Racial composition as of the 2020 census
| Race | Number | Percent |
|---|---|---|
| White | 2,846 | 89.6% |
| Black or African American | 115 | 3.6% |
| American Indian and Alaska Native | 1 | 0.0% |
| Asian | 61 | 1.9% |
| Native Hawaiian and Other Pacific Islander | 0 | 0.0% |
| Some other race | 19 | 0.6% |
| Two or more races | 134 | 4.2% |
| Hispanic or Latino (of any race) | 68 | 2.1% |

===2000 census===
As of the census of 2000, there were 2,624 people, 1,162 households, and 743 families residing in the city. The population density was 707.8 PD/sqmi. There were 1,200 housing units at an average density of 323.7 /sqmi. The racial makeup of the city was 94.51% White, 2.29% African American, 0.11% Native American, 1.56% Asian, 0.53% from other races, and 0.99% from two or more races. Hispanic or Latino of any race were 0.95% of the population.

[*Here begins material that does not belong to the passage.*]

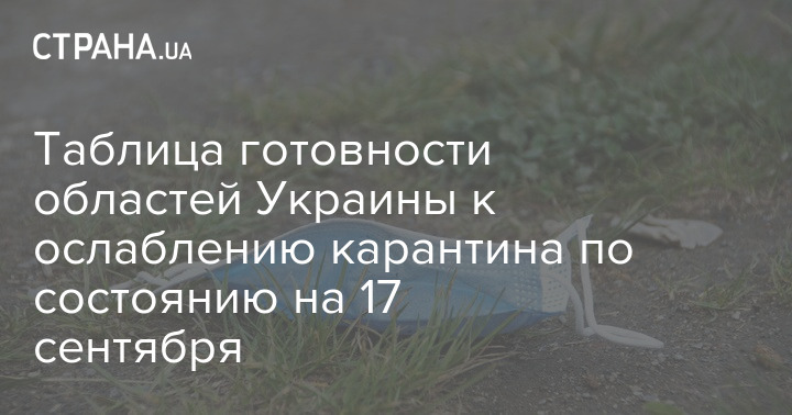 Таблица готовности областей Украины к ослаблению карантина по состоянию на 17 сентября
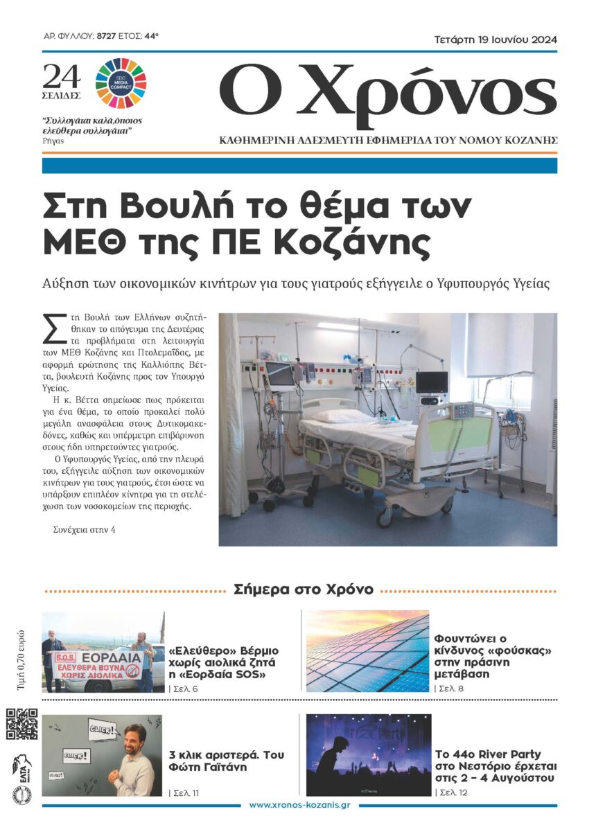 Ο Δήμος Κοζάνης ενημερώνει τους δημότες ότι λόγω των υψηλών θερμοκρασιών που επικρατούν στην περιοχή μας, ανοίγουν αύριο και μεθαύριο κλιματιζόμενες αίθουσες του Δήμου, για την προστασία των ευπαθών ομάδων.…

There were 1,162 households, out of which 28.1% had children under the age of 18 living with them, 49.5% were married couples living together, 12.4% had a female householder with no husband present, and 36.0% were non-families. 31.2% of all households were made up of individuals, and 7.1% had someone living alone who was 65 years of age or older. The average household size was 2.26 and the average family size was 2.85.

In the city, the population was spread out, with 23.0% under the age of 18, 7.2% from 18 to 24, 35.2% from 25 to 44, 23.3% from 45 to 64, and 11.3% who were 65 years of age or older. The median age was 36 years. For every 100 females, there were 82.3 males. For every 100 females age 18 and over, there were 80.5 males.

The median income for a household in the city was $49,567, and the median income for a family was $65,089. Males had a median income of $42,380 versus $35,230 for females. The per capita income for the city was $27,693. About 5.9% of families and 7.0% of the population were below the poverty line, including 12.7% of those under age 18 and 2.0% of those age 65 or over.